Making a throw


#1

What would be the very first thing to do to make a yoyo? Me and clywcollector are gunna start a company! Is there a good place to learn CAD?


#2

And who know how to do CAD?


#3

Yes I do but I don’t have the program though autodesk inventor pro is very similar and easy to use.


#4

I know how to use inventor pretty well. took a class this past school year and each year through high school

edit: this is also an amazing place to learn some tips and tricks on autocad


#5

You want to first get a very good design going. Next you want to contact a a machinist who can do the work. I will warn you, it is very expensive so back out now if your not willing to lay down a butt load of money. After this you want to contact companies that you can buy wholesale parts from(bearings, response ect) also you want to contact someone about anodizing. After this you’ll need packaging. Last but not least lots of money. It can cost 2-4 grand to put out a full run. (depending on size)


#6

Oh we will only do very small runs 2 see how they sell.


#7

Can’t wait to buy it and good luck


#8

For software if you have a student email you can pick up the whole AutoDesk suite for free, AutoCad, Inventor etc.


#9

Depending, you might also be able to use Blender.

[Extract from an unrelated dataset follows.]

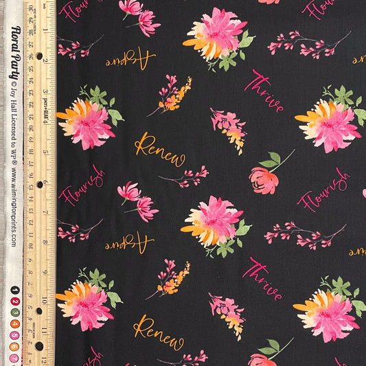 Black Word Toss - Wilmington Prints - 100% Cotton - Floral Party Collection

As far as manufacturing goes, it’s going to cost you a TON of money. We’re looking at thousands, not hundreds. Each time you have something made, whether it’s an actual run or a prototype, it’s going to cost you.


#10

Yupp thats why smaller runs don’t work so well they cost way more per yoyo and you make very little profit to go towards bigger runs (if your looking to go in that direction)


#11

So from what I understand, you have to go balls-deep with a full run of yo-yo’s to kick start a yo-yo company?


#12

Well, if you already have your own tools, or have access to them in some way, your startup costs will be much, much lower. For instance, there’s a place called TechShop nearby that teaches, and provides access to metal lathes, welders, 3d printers, etc, and their lessons and membership fees are pretty low. If you have access to a place like this, you can run off a handful for a month or two’s membership fees and the price of materials.

Otherwise, if you want to jumpstart a company, volume can very well help. Less cost per unit and such. Engineering and prototyping time will remain the same, though, so it all depends on what you want.

Edit: The downside to larger runs, of course, is that you could bomb and be sitting on unsold product. It’s a tradeoff.


#13

no not necessarily but what I’m saying its hard to make any money with very small runs (like 25-30 throws) unless your selling wholesale.